Progetto Collettivo 2020
Un paio di cose che credo di aver capito sulla fotografia reclusa
Sguardo recluso, fotografia reclusa. Sarò sincero: in questo tempo di restrizione la bilancia pende, per me, più a favore dei vantaggi che delle frustrazioni. Questa strana bolla di tempo sospeso ha imprigionato il corpo, ma non la mente. Anzi, ha favorito qualche ripensamento sullo sguardo e sulla fotografia. Mi spiego. Guardare, il verbo che regge buona parte dell’atto fotografico, è un gesto potente, che richiede decisioni. Io decido quanto è ampio il mio orizzonte.

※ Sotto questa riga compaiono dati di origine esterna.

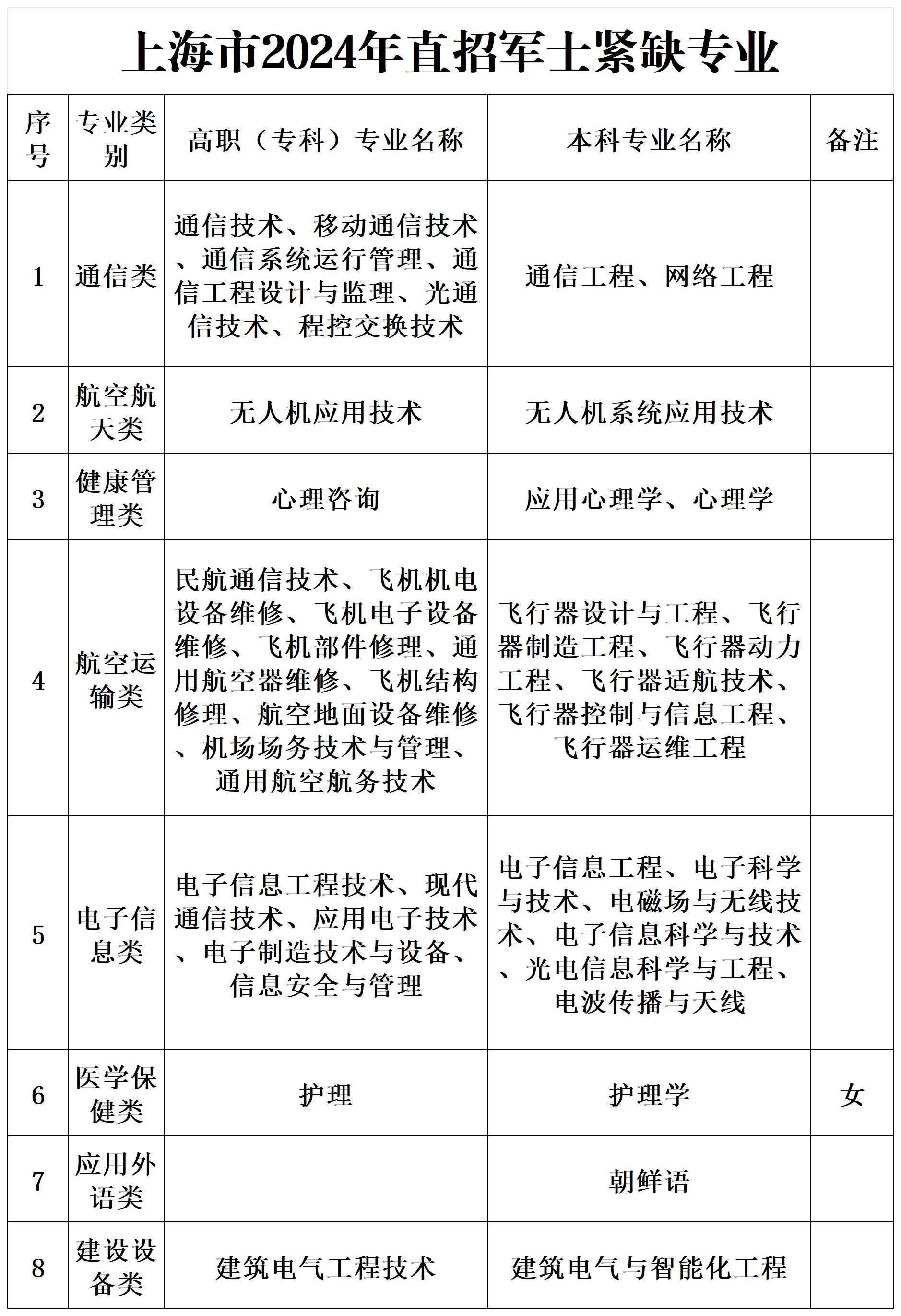 2024年在沪直招军士通告发布:这些紧缺专业优势很大!

Per esempio: posso camminare guardando solo i miei piedi; oppure posso camminare e guardare il sentiero e gli alberi e i campi e magari anche il cielo e le nuvole. In altre parole: io decido quanto è grande il mondo in quel momento. Io decido la velocità del mio sguardo, cioè: deci do quanto tempo mi soffermo sulle cose o su alcuni aspetti delle cose. È il ritmo che il mondo ha, per me, in quel momento. Ecco, queste sono due decisioni potenti che lo sguardo metteva in atto prima della quarantena. E oggi?
Oggi il mio orizzonte è stato deciso da altri. Oggi il mondo si è contratto, è stato relegato d’imperio nelle stanze in cui vivo e l’esperienza del mondo, là fuori, posso farla solo dalla finestra, che diventa – come diceva Luigi Ghirri – un’inquadratura naturale. Oggi vivo il mondo esterno come una fotografia lunga giornate intere. E la finestra, o la porta, sono diventate soglie invalicabili, soglie attraverso le quali non è più possibile il passaggio tra il dentro e il fuori. Così, questo orizzonte ristretto mi ha compresso verso una interiorità tutta da esplorare. In questo orizzonte limitato succede una cosa bellissima: la velocità del mio sguardo rallenta. Se prima lo sguardo era, detto in termini musicali, un presto o un prestissimo, cioè era uno sguardo nevrotico, che non si posava mai a lungo sulle cose, oggi lo sguardo è un largo, un adagio con sentimento. Oggi il mio sguardo si ferma, si stende sulle cose, in ascolto: del domestico quotidiano, dell’umile, del dimenticato. E questa nuova esplorazione porta alla luce qualcosa che era rimasto incompleto. Lo sguardo rallentato ha, paradossalmente, creato una nuova vastità dell’orizzonte. Il mondo è tornato ad allargarsi, in direzioni e profondità dimenticate. Verso la memoria, verso il desiderio, verso la voglia di futuro, verso ciò che era nascosto perché ignorato dall’abitudine. Cosi, in questi giorni di quarantena, le mie fotografie sono diventate, anche a mia insaputa, le mappe di un nuovo mondo, un po’ reale e un po’ immaginario. Mappe di un nuovo stupore.